# ser cable for 200 amp service



## newspark80 (Feb 20, 2011)

I have always ran conduit to my panels from the meter base, but because of the location of the panel, the space for the bend radius of the 2 inch pvc will not make it. So I'm going to use 442 ser al for my feeder. Never worked with size of SER. Any thoughts on working with this stuff?


----------



## Dennis Alwon (May 9, 2009)

I hope you mean 4/0 4/0 2/0 seu not ser.


----------



## Crack Wireman (Aug 22, 2014)

newspark80 said:


> I have always ran conduit to my panels from the meter base, but because of the location of the panel, the space for the bend radius of the 2 inch pvc will not make it. So I'm going to use 442 ser al for my feeder. Never worked with size of SER. Any thoughts on working with this stuff?


Be careful making your 90 with the cable. If you don't get it right the jacket crinkles up and looks bad. Other than that it's a piece of cake.


----------



## Crack Wireman (Aug 22, 2014)

Dennis Alwon said:


> I hope you mean 4/0 4/0 2/0 seu not ser.


Right. Ser is 4 conductor. You want SEU


----------



## Dennis Alwon (May 9, 2009)

I am not sure wwhy you can't use pvc. I always pipe it with an LB into the basement area and use pvc all the way


----------



## newspark80 (Feb 20, 2011)

Awesome. Thanks for the heads up!!


----------



## newspark80 (Feb 20, 2011)

Dennis Alwon said:


> I am not sure wwhy you can't use pvc.
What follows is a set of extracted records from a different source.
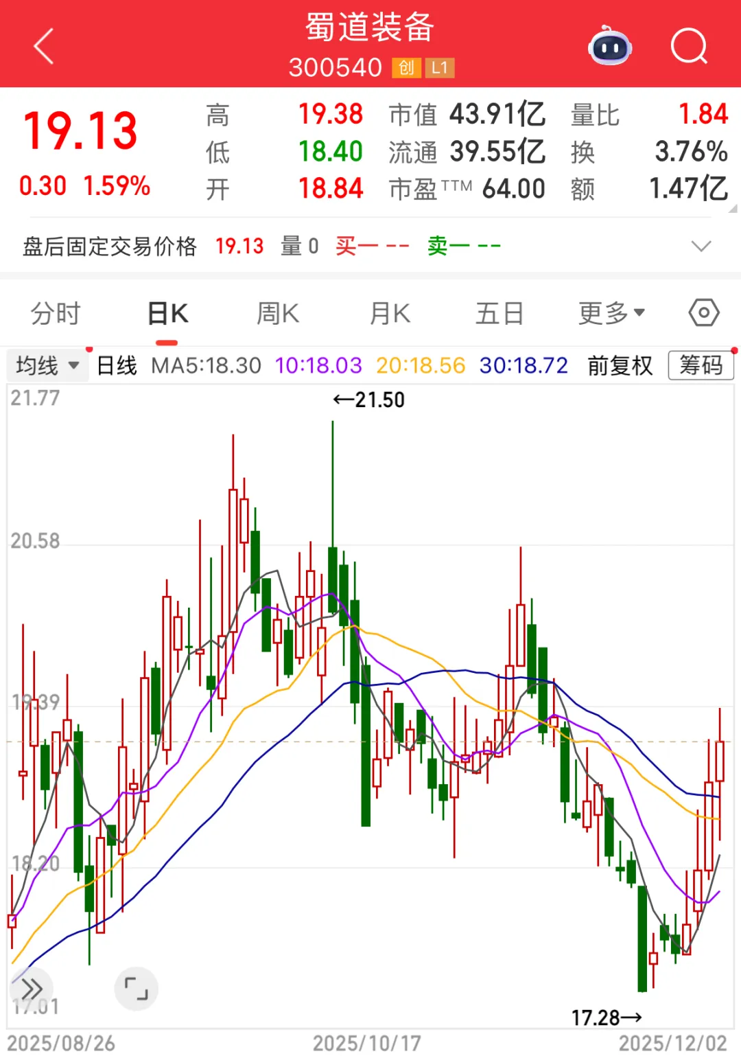 二级市场方面,截至12月2日收盘,蜀道装备报19.13元/股,总市值43.91亿元。
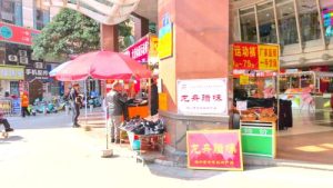 龍城路。浅いように見えるけど市場がある。バス停・龍城銀興路。
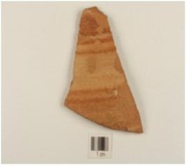 | Description / विवरण | Fragment of buff ware, vessel has a black painting above and horizontal lines in red pigment. |
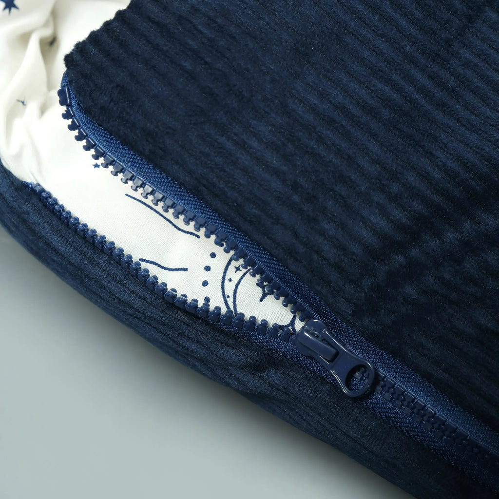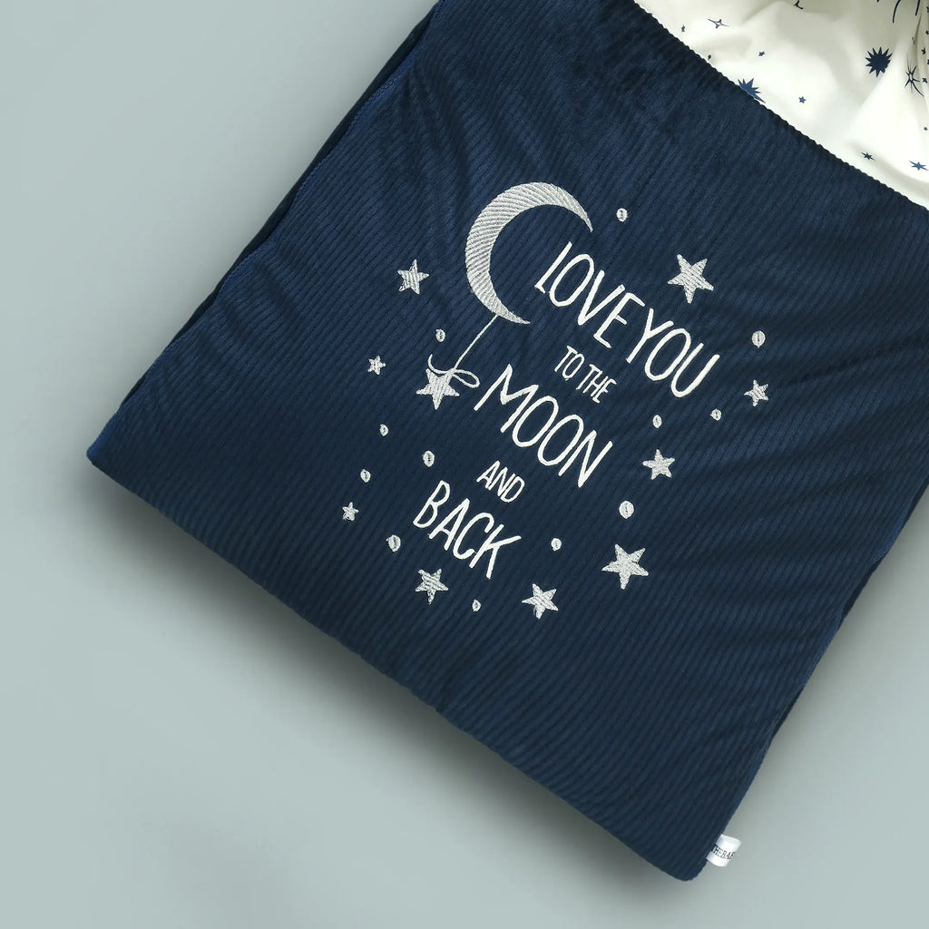 Cozy and soft navy blue baby sleeping bag with embroidered “Love You to the Moon and Back” design. Features star-printed lining, secure zipper closure, and gentle padding to keep your baby warm and comfortable. Perfect for everyday use or gifting.
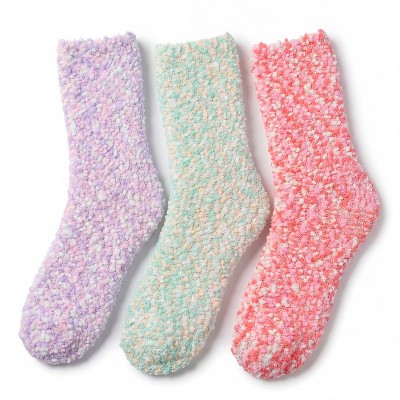 Tipi Toe Women's 3-Pairs Soft Fuzzy Anti-Skid Lavender Mist Patterned Crew Socks
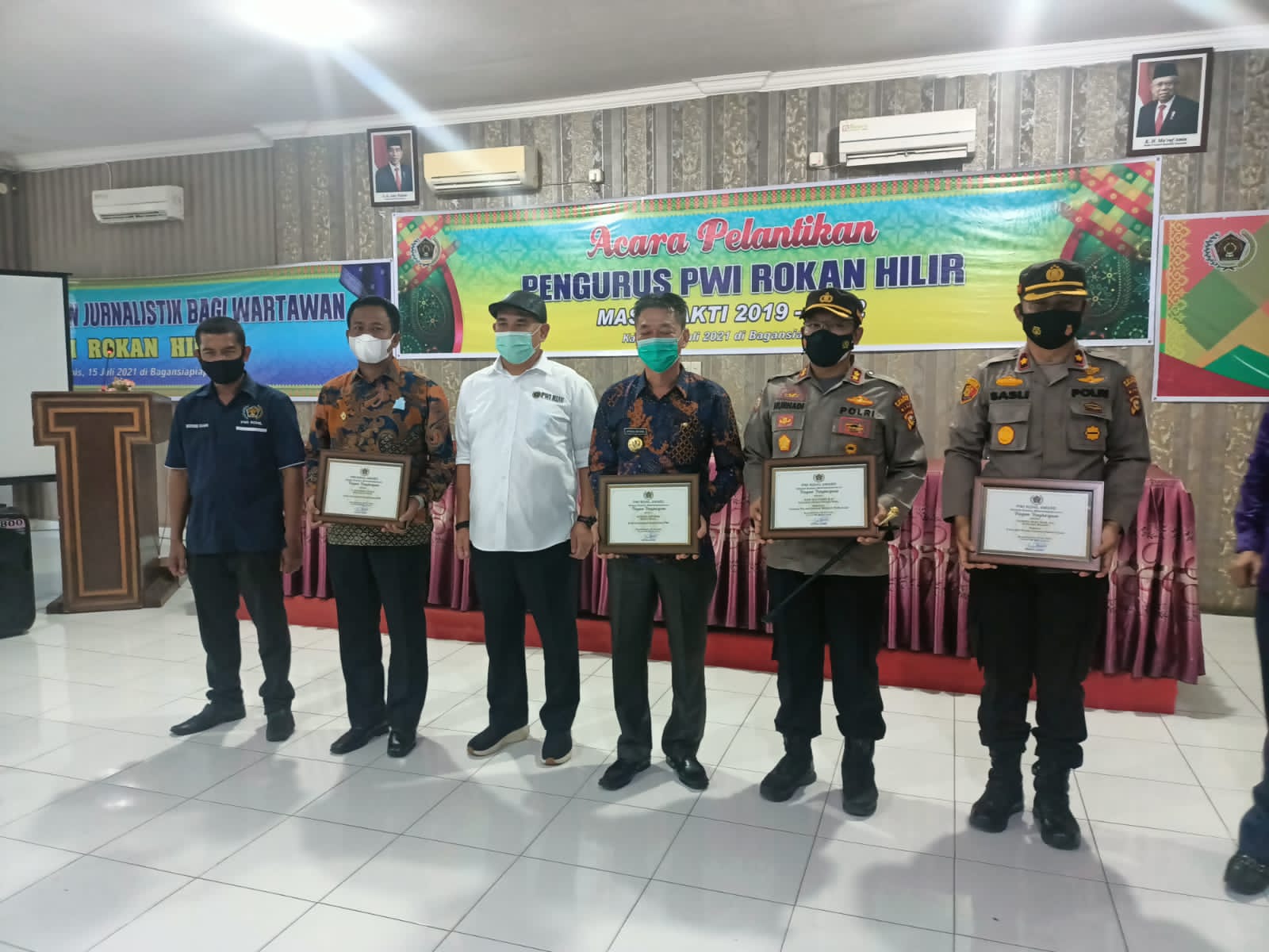 Usai pelantikan dan pengukuhan pengurus Persatuan wartawan Indonesia (PWI), selanjutnya penyerahan piagam penghargaan dari Ketua PWI Rokan Hilir kepada Kapolres Rokan Hilir yang mewakili Kasubbag Humas Polres juga Kapolsek Bangko beserta Bupati dan Wakil Bupati Rokan Hilir.
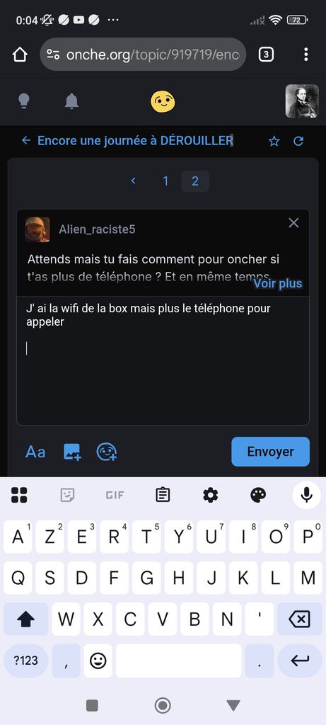 Non non j'ai plus de téléphone, j' ai essayé en mettant ma carte sim dans un autre téléphone c'est pareil il me reste que les chats et les voisins, ils fument sans arrêt au dessus de chez moi je peux les appeler
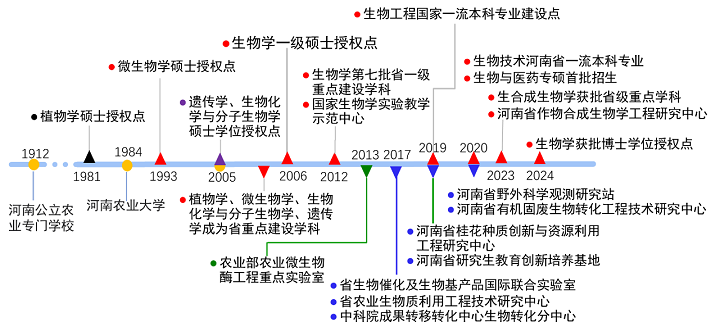 追溯历史,斗地主在线玩 依托的生物学学科已有百余年历史。1907年学校已开设理化、博物课程,涌现了中国近现代生物学奠基人秉志、植物病原微生物学家王鸣岐、遗传学家吴绍骙、植物学家丁宝章等学术大师。1981年植物学成为国家首批硕士学位授权点;1993年微生物学成为我省首个微生物学硕士学位授权点;2005年斗地主在线玩 成立;2006年生物学获批一级学科硕士学位授权点,植物学、微生物学、生物化学与分子生物学、遗传学4个二级学科先后成为河南省重点建设学科;2012年、2018年生物学获评第八批、第九批河南省一级重点建设学科;2023年,合成生物学获批河南省重点建设学科;2024年生物学获批一级学科博士学位授权点。
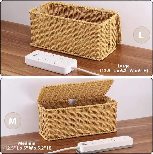 Large Capacity & Practical Design: This cable box provides ample space and comes in two sizes: Large (13.7" L x 6.5" W x 6.2" H) and Medium (12.5" L x 5.2" W x 5.5" H), accommodating most power strips and surge protectors. Please confirm the size of your power strip before ordering to ensure the right fit

I always pipe it with an LB into the basement area and use pvc all the way


Yes this is how I usually do it, but I will be running this feed over to an adjacent wall which will have me do a back to back 90 deg which I would not want to attempt pulling conductors through; that's even if I could get those bends to fit in the stud bay....

Thoughts...?


----------



## Dennis Alwon (May 9, 2009)

Will your authority having jurisdiction allow that much service conductor inside without a diso?


----------



## newspark80 (Feb 20, 2011)

Dennis Alwon said:


> Will your authority having jurisdiction allow that much service conductor inside without a diso?


It will less than 15 feet....


----------



## MHElectric (Oct 14, 2011)

We are only allowed 6ft of unfused conductor inside a structure here. I thought that was actually code up until recently when someone here let me know otherwise.


----------



## manchestersparky (Mar 25, 2007)

newspark80 said:


> It will less than 15 feet....


15 feet inside 

Better call your inspector and verify - easier to call then to redo

That would never fly here


----------



## Awg-Dawg (Jan 23, 2007)

manchestersparky said:


> 15 feet inside
> 
> Better call your inspector and verify - easier to call then to redo


 That does seem like a lot.

I would make that call also.


----------



## Carultch (May 14, 2013)

Crack Wireman said:


> Right. Ser is 4 conductor. You want SEU



SER is good when you run need a full size neutral and a separate equipment ground.

SEU is good for use, when your neutral currents are reduced to much less than your line currents, and you are connecting the service wire on the line side of the equipment with the neutral-to-ground bonding jumper.


----------



## aftershockews (Dec 22, 2012)

manchestersparky said:


> 15 feet inside
> 
> Better call your inspector and verify - easier to call then to redo
> 
> That would never fly here


15' is allowed here too.


----------



## farmantenna (Nov 22, 2012)

when I was an apprentice I got a good lesson on why unfused service cables should be as short as possible.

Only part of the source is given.